In others he does, and the Fisher King is healed, the land is
healed, and the Fisher King then dies the next day. And of course,
we might take a biblical reference to the time frames. What
does the next day actually mean in terms of our time experience.
And the 40 years carries the number 40 like Noah's tale of 40
days and 40 (k)nights, or the wandering through the wilderness/desert
of Jesus. Nailing down the veracity of a story, or the links
to other things like numerology are not my strong suit, but
I know they are yours. I'm more of a read a story and see where
it lives in me kind of girl, thus my remembering the part of
the mother and the White Lady in the Percival myth, when they
really make up such a small part of the story.
was a hag in the story...She is the one who calls Percival to
task for being blindly unconscious of the damage he caused doing
all his good deeds over the 40 years of questing.
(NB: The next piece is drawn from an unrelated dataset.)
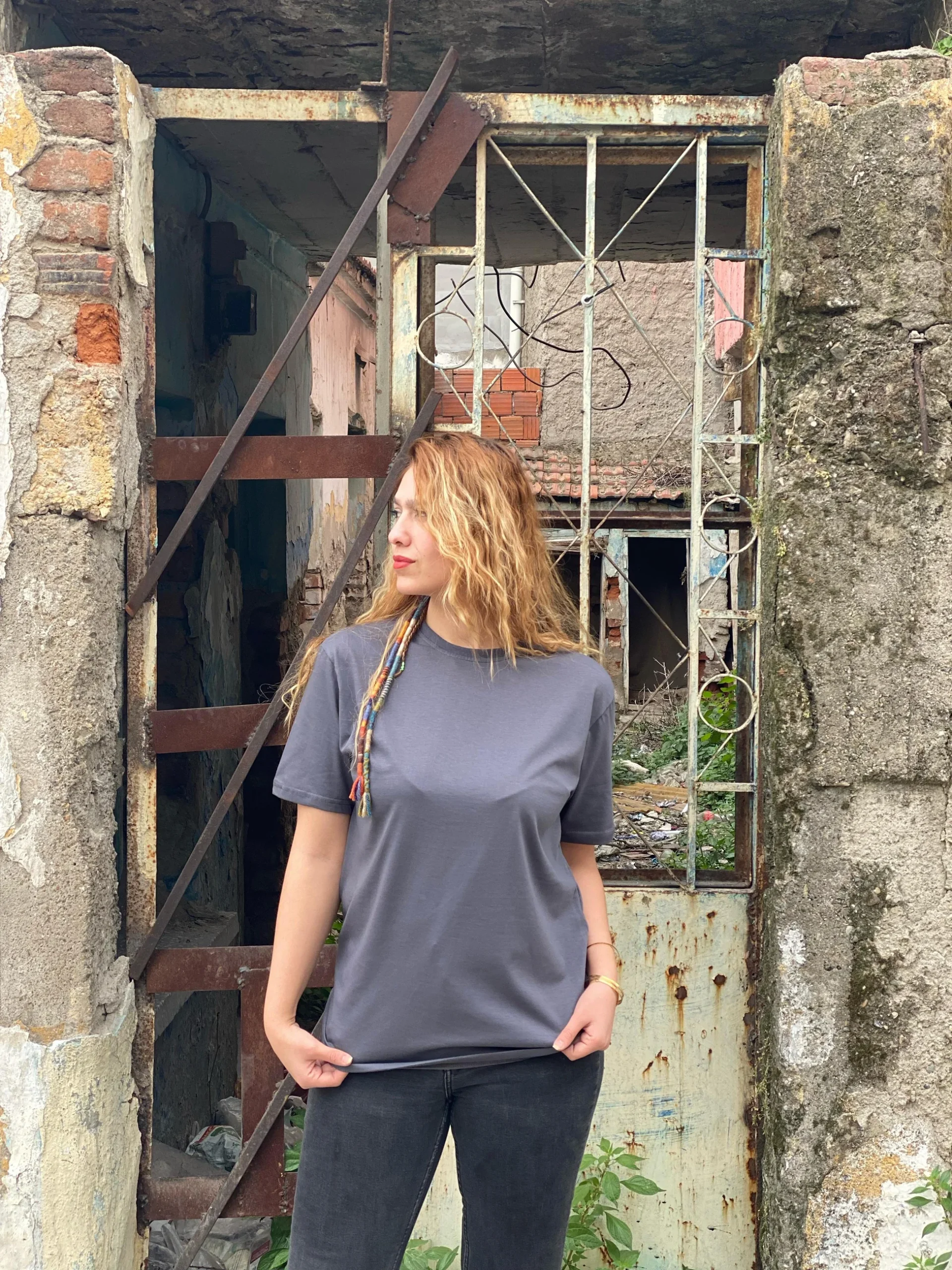 Antrasit Renk Penye Kalite %100 Pamuklu Relax Düz T-Shirt

He only ever
killed one person, and that was the Red Knight, but everyone
he bested (and he always bested those he fought) he sent to
serve at Arthur's Table. The hag was the wife of one of those
men, who left his family to join the vision of the Just society...The
hag made Percival see how much damage the zealous following
of his charge had wrecked on the families of those he encountered.
How many men they had killed leaving their families without
a provider or protector. The hag/crone in the story was there
at the end, and asked those blinded by their own good deeds,
to look and see the shadow. There is more...but for now...that
is all that is coming to mind as relevant.
Wynsong, Thanks again -
you've given me a lot to go rummaging for - I have a few compendiums
of British Lore that has King Arthur stuff in it that I can
rummage through now I think about it. Your comments about the
Just Society rings true with the Law of Unintended Consequence
aspects of the King Arthur legends that, contrary to popular
belief, I see the stories relating: In Britain King Arthur is
seen as a hero-figure, but I know that that fatally-flawed aspect
is there: which if I remember rightly is why he dies at the
end of the story i.e. there is an element of Macbeth
character in the King Arthur stories in the final analysis -
though the storylines and characters are very different.
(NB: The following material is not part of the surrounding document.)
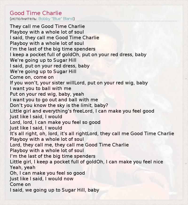 They call me Good Time Charlie Playboy with a whole lot of soul I said, they call me Good Time Charlie Playboy with a whole lot of soul I'm the last of the big time spenders I keep a pocket full of goldOh, put on your red dress, baby We're going up to Sugar Hill I said, put on your red dress, baby We're going up to Sugar Hill Come on, come on If you won't, your sister willLord, put on your red wig, baby I want you to ball with me Put on your red wig, baby, yeah I want you to go out and ball with me Don't you know the sky is the limit, baby? Little girl and everything's freeLord, I can make you feel good Just like I said, I would Lord, lord, I can make you feel so good Just like I said, I would It's all right, oh, lord, it's all rightLord, they call me Good Time Charlie Playboy with a whole lot of soul Lord, they call me, they call me Good Time Charlie Playboy with a whole lot of soul I'm the last of the big time spenders Little girl, I keep a pocket full of goldOh, I can make you feel nice Yeah, yeah Oh, I can make you feel so good Just like I said, I would now Come on I said, we going up to Sugar Hill, baby

Although in our modern interpretation
of the Black Sow or Hag of the Celtic legends, the Sow or Hag
is feared, she would not have been in Celtic Times - the Black
Sow or Hag would have been perceived as Crone Wisdom - both
in the form of Sow/Boar giving themselves as food - but also
in terms of the older members of the Tribe passing on the teachings
and skills of how to store food over winter and what foods could
still be gathered - thus keeping the Tribe alive during the
baron Winter months.
Ill have a look at some of
the other points you raise and see if I can turn up anything
in the compendiums.
Glad I could add that much
Wolfie, hope you get it sorted. I may be back to this but right
now have a ton of work to get through.